Spanish Justice Minister proposes restricting abortion for babies with disabilities

A beautiful gift

Speaking out for the most vulnerable among us.

According to the Associated Press, Justice Minister Alberto Ruiz-Gallardón of Spain “has said he will ask Parliament to change the existing law” on abortion in his nation. Two short years ago, Spain – then under socialist rule – liberalized its abortion policies. Gallardón intends to ask Parliament to reverse this expansion of abortion in Spain and, instead, extend the right to life to more unborn children.

Gallardón believes all of these people have an equal right to life. Photo credit: Jay Baker, at the Maryland Developmental Disabilities Coalition

Perhaps the most controversial – and one of the biggest – changes Gallardón is proposing is a possible ban on abortions that are done solely based on a defect or disability in the child. An Australian news agency reports, “The proposed laws would make the procedure illegal in cases where the foetus is deformed.” Bloomberg Businessweek has a different take: the proposed laws would “make it harder for women to abort fetuses with physical deformities.” It remains to be seen if Gallardón will ask for a ban on these abortions or for restrictions on them.
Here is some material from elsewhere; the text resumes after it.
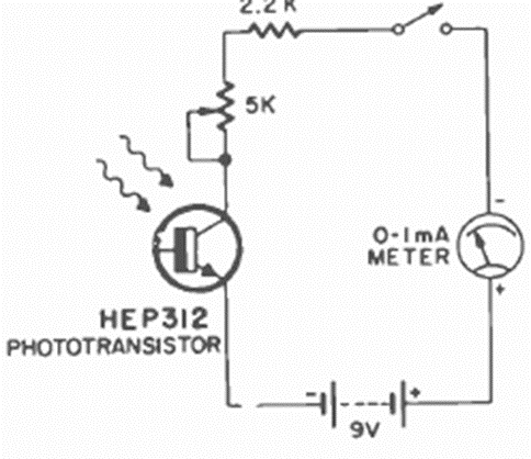 This simple photometer uses a 1 mA milliammeter and a common phototransistor. The circuit has its scale adjusted by a trimpot. The circuit is from a Radio Electronics from April 1971.

Either way, he has taken a courageous stand on the side of those who suffer from disabilities.

In an interview with La Razón, Gallardón stated:

I do not understand that it [the current law] prevents a fetus to live by allowing abortion, for the simple fact that he suffers from a disability or deformity.
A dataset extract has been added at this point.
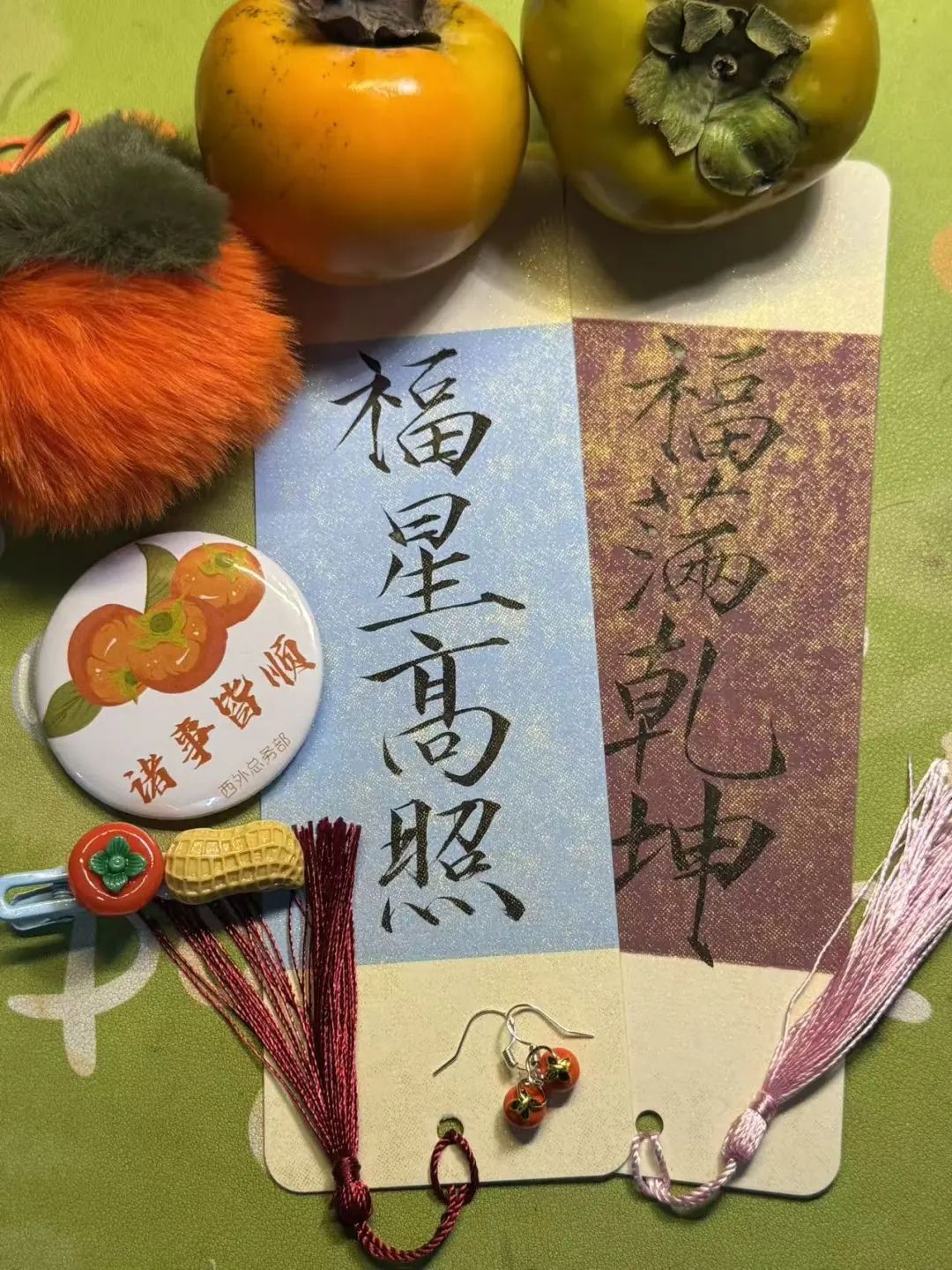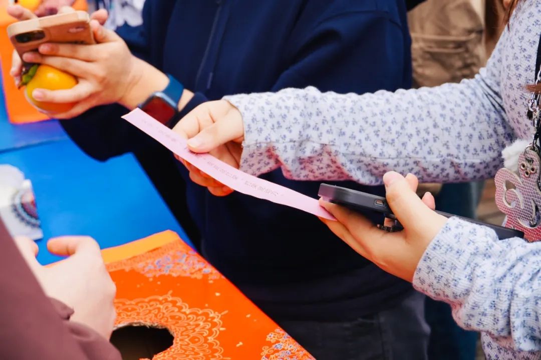 远离采摘区的热闹,猜谜区另有一番雅趣。淡彩谜笺轻悬于柿枝之下,“红灯笼,挂树梢,没根没叶甜条条”——有人凝神思索,有人细声讨论,直至谜底“柿子”脱口而出,获奖时的欢欣,仿佛比柿果更明亮。这份光亮中,蕴藏着总务部的深情:除了实用礼品,更有老师们亲手制作的心意;手写书签,更是把一季秋色凝于方寸之间。接过它们的人,指尖触摸的不只是礼物,更是一份校园独有的温柔。

Gallardón highlighted the inconsistencies of the United Nations when he referred to their apparent support for people with disabilities: he referred “to the texts of the UN and Article 10 of the Convention on Disability Rights, which reaffirms the need ‘to adopt all necessary measures to guarantee their rights to people with disabilities.'” The president of Spain’s association of clinics that specialize in abortion and one of the men who wrote the liberalized 2010 abortion law, Barambio Santiago, disagreed with Gallardón:

[T]he UN in all international conferences, all the health agencies of the UN, the World Health Organization, the Council of Europe, say not to restrict abortion.

Of course, the U.N.’s position on abortion is indeed an international problem. On one hand, they speak out on behalf of people with disabilities and on behalf of children’s rights. Yet on the other hand, the U.N. is one of the biggest international supporters of abortion. (I discuss the U.N.’s betrayal of children, despite their claims, in this article.)
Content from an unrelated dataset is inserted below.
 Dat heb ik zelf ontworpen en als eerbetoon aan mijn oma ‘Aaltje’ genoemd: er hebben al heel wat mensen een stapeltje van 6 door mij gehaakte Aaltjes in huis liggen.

Sadly, The Australian reports that 81 percent of Spaniards oppose banning abortions performed on babies with disabilities. It is unknown whether this poll is accurate, because it was “published overnight in left-wing newspaper El Pais.”

However, The Australian also reports that many who would be expected to support the inherent right to life of all human beings also reject Gallardón’s proposal.

[T]he reform was rejected by 65 per cent of those who said they voted for the Popular Party [Gallardón’s party] in a general election last year as well as by 64 per cent of those who define themselves as practicing Catholics.

While it is excellent news that Spain’s leader – Justice Minister Alberto Ruiz-Gallardón – is taking a courageous stand on behalf of unborn babies with disabilities, it is a sad note on the state of the world that many of his people disagree with him. We can only hope and pray that the Spanish Parliament agrees with Gallardón and recognizes the right to life of those who are arguably the very most helpless and targeted among us. Many times, doctors tell parents that a baby has a defect, and yet, when the baby is born, there is nothing wrong at all. How many babies like this have been aborted? The bottom line, however, is that with or without a defect, every baby is equally precious and equally deserving of the right to live.